In all of our eyes today, I see acceptance, reconciliation, forgiveness, and unity in all of what we experience in our humanity. We become a stronger community, telling our stories, finding acceptance and hope.

–Neal Lemery 11/4/2012

In the Listening


I should never assume I’m in charge of the agenda.

The other day, I had a visit with one of my young friends at the local prison. I’ve been mentoring him, and he’d been teaching me, for quite a while. Visiting day was turning out to be the best day of the week for me, on a lot of different levels.

I had our time all planned out. I brought food, some of his favorites, and coffee. I brought my guitar, and planned to play a game. I even laid out, in my mind, what we’d talk about, as we ate, and played the game. Silly me, thinking I’d be in charge of our time.

Yet, when I arrived, he didn’t even open the bag from the restaurant. He barely sipped the special chocolate frappe I’d brought in. My guitar stayed in its case, and it was obvious he had a lot on his mind. His first words pushed me into the nearest chair and he took command of our time, his eyes sparkling with determination to speak his mind.

He talked, and told stories about his life, his family, and his fears. I heard about his grandma, and his most challenging wrestling meet, and how his coach believed in him. The coach was the first man who ever thought he could do anything in his life.

The restaurant food grew cold; there was a different hunger in the room today. It wouldn’t be satisfied by the burgers and fries.

I heard about his best friend shooting someone at school, and what it was like to watch that, and hear the gunshots in his high school hallway, what it was like to turn around and see his friend firing the gun and the other guy falling, and bleeding. And how he helped get the gun away, when the magazine was finally empty, and how it fell, clanging, on the hard linoleum floor, by the blood.

I had to remember to breathe, as his words quietly tumbled out, words without emotion, just relating the events, him being a reporter of what went on, as he watched a murder.
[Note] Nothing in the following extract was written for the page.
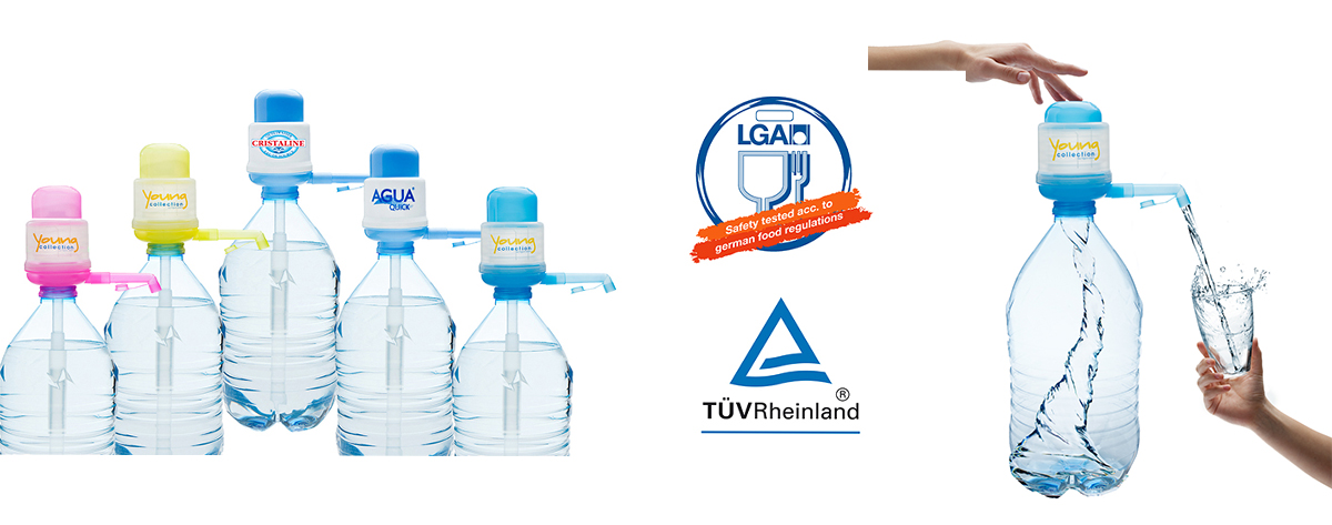 Pour bouteilles PET de 3-10 litres Idéale au camping, à la maison et au bureau, ainsi que pour le sport et les loisirs. La pompe à eau AguaQuick est le distributeur idéal pour toutes sortes de boissons : eau, jus de fruits, thé glacé etc.. La pompe se monte en un tour de main sur votre bouteille PET – son fonctionnement est si simple qu’il se passe d’explications. La pompe à eau AguaQuick est bien sûr appropriée aux denrées alimentaires, elle est facile à nettoyer et garantie lave-vaisselle (ne mettez pas le gonfleur au lave-vaisselle). Elle est solide, de poids faible et utilisable partout. Le rapport qualité-prix est non seulement sensationnel – associé à la longévité du produit, c’est le garant d’un article de qualité supérieure. Notre garantie est votre sécurité sécurité examinée selon législation des denrées alimentaires allemande Nos produits sont inspectés par le service de contrôle sanitaire de la Rhénanie d’après la législation allemande sur les denrées alimentaires. Il a été confirmé que nos produits ne présentent aucun risque pour la santé et le certificat « sécurité contrôlée d’après la législation sur les denrées alimentaires» a été délivré. Le service de contrôle sanitaire de la Rhénanie témoigne d’après la loi d’alimentation LFGB que nos produits sont sans danger pour la santé. Nos pompes ont été expérimentées tous et trouvées pour bon. Précaution avec des imitations en provenance de Chine ou de Bulgarie,Spain.

He took me there, his words painting a picture of his fear, and his empathy for his friend, and why his friend’s anger boiled over into gunfire. He didn’t cry, he just spoke, his voice firm, the sentences turning into page long paragraphs. I wondered if anyone had ever heard this story, even after the cops arrived a few minutes later, and took his friend to jail, leaving him in that long, cold hallway, next to the bullet riddled body, the empty magazine, and the blood.

His eyes told me it was not my time to ask, only to listen.

I could only nod, later occasionally offering a full sentence of empathy and understanding. His words tumbled out, keeping a steady pace, as the hand on the clock on the wall spun around, once, twice, and half again.

Finally, he took a deep breath.

“I guess our time’s up now. Can you come next week?” he said quietly, unfazed by his two and a half hour monologue, his story of murder, and loneliness, and losing a friend.

“Sure,” I said, nodding and giving him a hug. He hugged back, bear like, taking the sack of cold burgers with him.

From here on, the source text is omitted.